Exercise objective - Restate word for word the lines below from the one that has "Mini Adult natvoer" through the one that has "由外语教学与研究出版社、教育", keeping both and dropping all pictures.

The input -
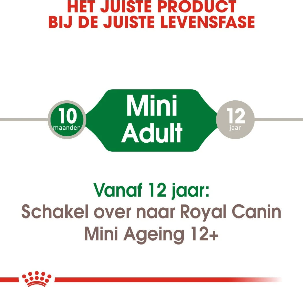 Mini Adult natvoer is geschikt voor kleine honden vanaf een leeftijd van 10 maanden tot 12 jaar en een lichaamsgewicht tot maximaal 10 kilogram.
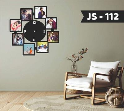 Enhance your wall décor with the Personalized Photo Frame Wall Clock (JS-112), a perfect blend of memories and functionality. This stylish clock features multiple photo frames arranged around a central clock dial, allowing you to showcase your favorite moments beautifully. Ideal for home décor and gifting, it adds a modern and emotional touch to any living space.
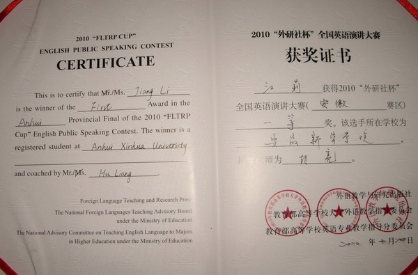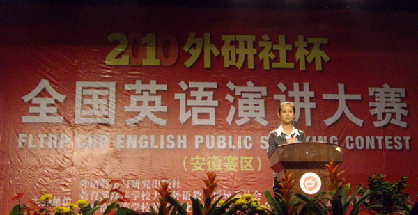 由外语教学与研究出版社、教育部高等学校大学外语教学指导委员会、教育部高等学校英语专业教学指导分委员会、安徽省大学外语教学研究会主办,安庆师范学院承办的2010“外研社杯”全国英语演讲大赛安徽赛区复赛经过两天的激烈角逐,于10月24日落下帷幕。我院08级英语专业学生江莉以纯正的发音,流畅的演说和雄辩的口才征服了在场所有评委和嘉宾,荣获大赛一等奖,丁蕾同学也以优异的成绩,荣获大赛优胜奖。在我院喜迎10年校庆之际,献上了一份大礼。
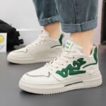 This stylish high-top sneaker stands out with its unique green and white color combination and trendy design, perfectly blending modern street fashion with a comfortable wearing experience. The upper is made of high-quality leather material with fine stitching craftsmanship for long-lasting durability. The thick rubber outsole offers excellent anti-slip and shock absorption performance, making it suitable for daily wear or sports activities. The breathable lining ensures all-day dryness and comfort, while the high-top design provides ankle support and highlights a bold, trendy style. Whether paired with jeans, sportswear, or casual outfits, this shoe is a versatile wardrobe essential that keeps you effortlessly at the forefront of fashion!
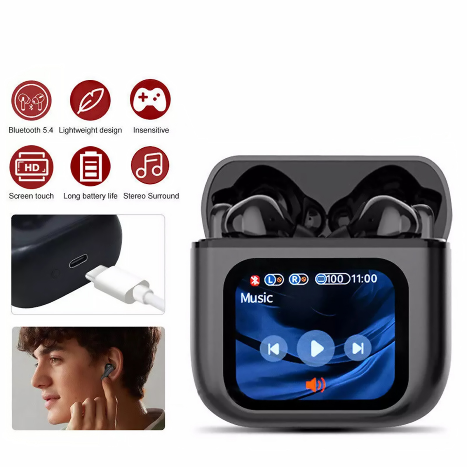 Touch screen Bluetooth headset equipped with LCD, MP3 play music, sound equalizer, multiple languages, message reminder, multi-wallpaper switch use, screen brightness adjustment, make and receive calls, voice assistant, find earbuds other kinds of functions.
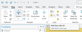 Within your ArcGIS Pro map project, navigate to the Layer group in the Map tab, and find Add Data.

--

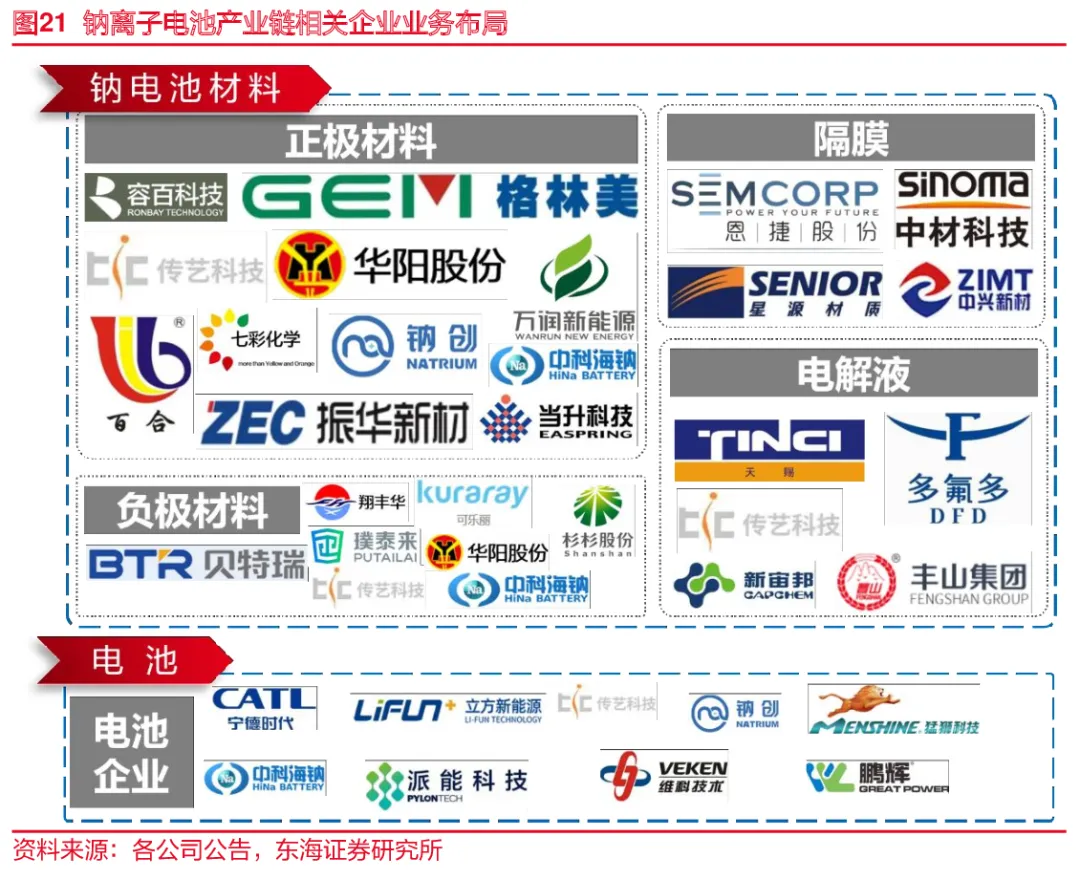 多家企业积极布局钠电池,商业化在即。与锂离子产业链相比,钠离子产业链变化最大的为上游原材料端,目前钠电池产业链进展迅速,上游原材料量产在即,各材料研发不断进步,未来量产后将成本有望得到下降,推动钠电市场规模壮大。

Written reply -
 Mini Adult natvoer is geschikt voor kleine honden vanaf een leeftijd van 10 maanden tot 12 jaar en een lichaamsgewicht tot maximaal 10 kilogram.
 Enhance your wall décor with the Personalized Photo Frame Wall Clock (JS-112), a perfect blend of memories and functionality. This stylish clock features multiple photo frames arranged around a central clock dial, allowing you to showcase your favorite moments beautifully. Ideal for home décor and gifting, it adds a modern and emotional touch to any living space.
 由外语教学与研究出版社、教育部高等学校大学外语教学指导委员会、教育部高等学校英语专业教学指导分委员会、安徽省大学外语教学研究会主办,安庆师范学院承办的2010“外研社杯”全国英语演讲大赛安徽赛区复赛经过两天的激烈角逐,于10月24日落下帷幕。我院08级英语专业学生江莉以纯正的发音,流畅的演说和雄辩的口才征服了在场所有评委和嘉宾,荣获大赛一等奖,丁蕾同学也以优异的成绩,荣获大赛优胜奖。在我院喜迎10年校庆之际,献上了一份大礼。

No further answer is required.